The risk of expansions is always that they will overcomplicate the base game. In this case, the modular aspect of Railroad Rivals: The Robber Baron ensures that players have control over how much they want to add and how much they wish to keep the same.

You can personalize your experience easily. The stock shenanigan tiles, for example, have some powerful effects that should significantly change the outcome of the game, but they’re also easy to add or remove as you desire. While the advanced city tiles offer smaller additions, they do have some helpful abilities with a little less impact. In addition, the building tokens add an extra layer to the shipping/delivery phase of the game, that also forces you to think more strategically about your tile placement.

It’s also great to have more flexibility on player count, and the player turns are fairly fast in Railroad Rivals, so a six player game isn’t going to be onerous or too slow.

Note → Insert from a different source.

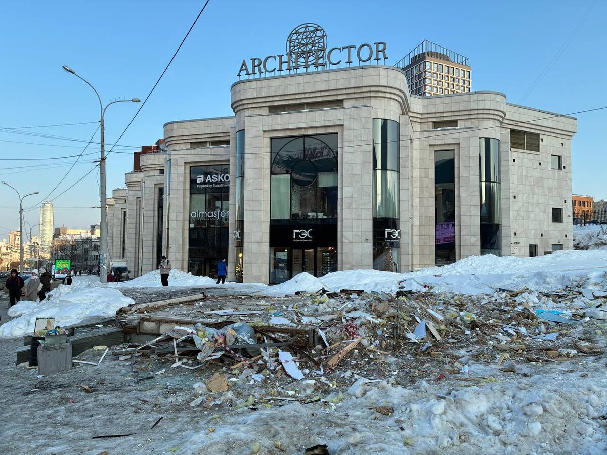 В центре продолжают сносить старое-ненужное. Ну и оставлять после этого кучу мусора. Возможно надеются, что вместе с растаявшим снегом и это смоет. Возможно летом закатают это место в асфальт, как это практиковали в прошлом сезоне на Ленина. @Квартал Миллионеров

This isn’t a huge expansion, it adds some extra tiles and a few building tokens, but it seems like it would compliment the base game nicely. It adds a little more strategy without throwing in too many rules, and its modular aspect means you can tailor it to your game group. As always, we recommend focusing on the base game and only adding in expansions once your group feels the need to enhance the game. But if you're already into Railroad Rivals, be sure to check out The Robber Baron on Kickstarter and see for yourself if you wish to add it to your railway empire.

Disclosure: this preview is based on our first impressions of a draft of the rulebook and game components, which are subject to change prior to publication. We received a modest payment to write this article.